Here’s the opening of paragraph 103, The Nexus. The emblem occurs at the end of this section.
"I laid the ghost of his gifts at last with a lie," he began suddenly. "Girl! What? Did I mention a girl? Oh, she is out of it—completely. They—the women, I mean—are out of it—should be out of it. We must help them to stay in that beautiful world of their own, lest ours gets worse. Oh, she had to be out of it. You should have heard the disinterred body of Mr. Kurtz saying, 'My Intended.' You would have perceived directly then how completely she was out of it. And the lofty frontal bone of Mr. Kurtz! They say the hair goes on growing sometimes, but this—ah specimen, was impressively bald. The wilderness had patted him on the head, and, behold, it was like a ball—an ivory ball; it had caressed him, and—lo!—he had withered; it had taken him, loved him, embraced him, got into his veins, consumed his flesh, and sealed his soul to its own by the inconceivable ceremonies of some devilish initiation. He was its spoiled and pampered favorite. Ivory? I should think so. Heaps of it, stacks of it. The old mud shanty was bursting with it. You would think there was not a single tusk left either above or below the ground in the whole country. 'Mostly fossil,' the manager had remarked disparagingly. It was no more fossil than I am; but they call it fossil when it is dug up. It appears these niggers do bury the tusks sometimes—but evidently they couldn't bury this parcel deep enough to save the gifted Mr. Kurtz from his fate. We filled the steamboat with it, and had to pile a lot on the deck. Thus he could see and enjoy as long as he could see, because the appreciation of this favor had remained with him to the last. You should have heard him say, 'My ivory.' Oh yes, I heard him. 'My Intended, my ivory, my station, my river, my—' everything belonged to him.

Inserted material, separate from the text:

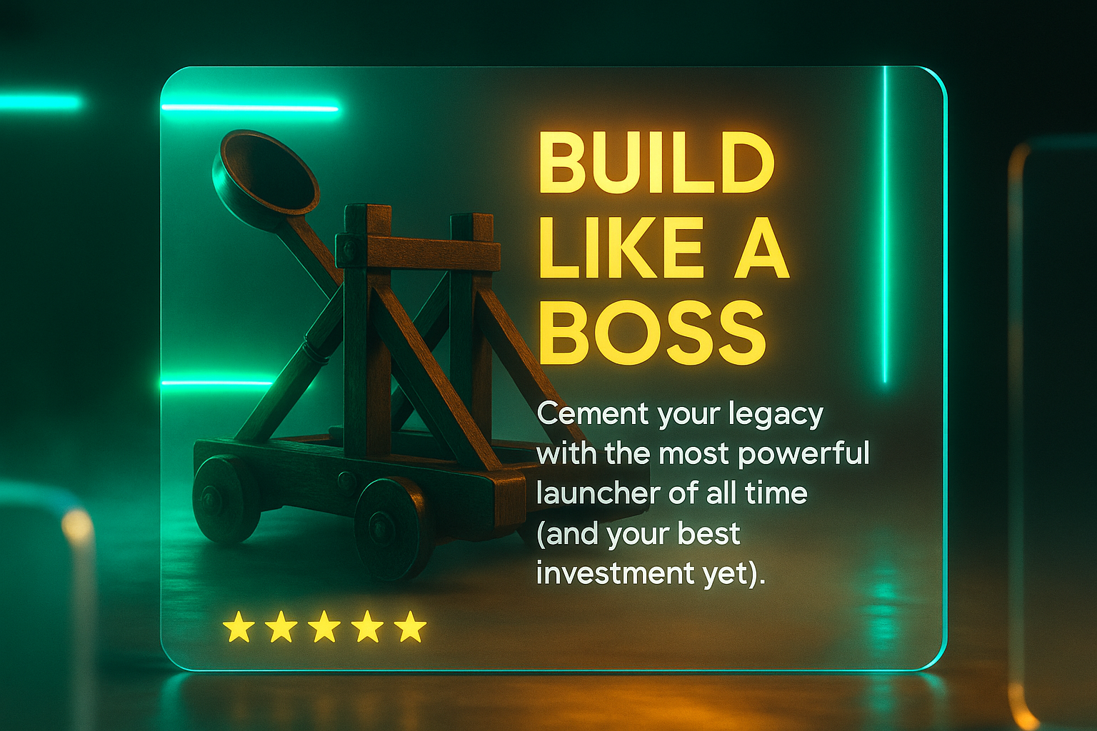 /Collection: /by davooda/Type: PNG/A realistic carousel slide showcasing a neon-themed catapult with glowing accents. The design features bold text and a dynamic layout, creating an engaging advertisement.

* Reading an earlier version of this post, where I hadn’t mentioned LSA, Matt Jockers pointed out to me that I haven't indicated how this distance is to be calculated. That's why we have others look over our work. Still, there must be techniques for estimating distances between word types in texts. Hence, LSA. I’m assuming – as I can’t quite follow the technical details – that it produces the information we’d need to perform the necessary calculations of distance.

All I'm after is a way of creating a reduced graph where the edges connect words that are more closely related than those in the emblem phrase. I don't really need to have numeric values associated with edge length as long as I have reason to believe that the pairs connected in the reduced text graph really are more closely related than those that aren't connected. For example, we might be able to use Word Net to determine which words are closely related and connect only those in the reduced text graph.

  1. Working out the relationship between my- him. gives you the relationship between my-everything...

    I can't make the calculation, can come up with a range, but it looks the most difficult one reading it cold.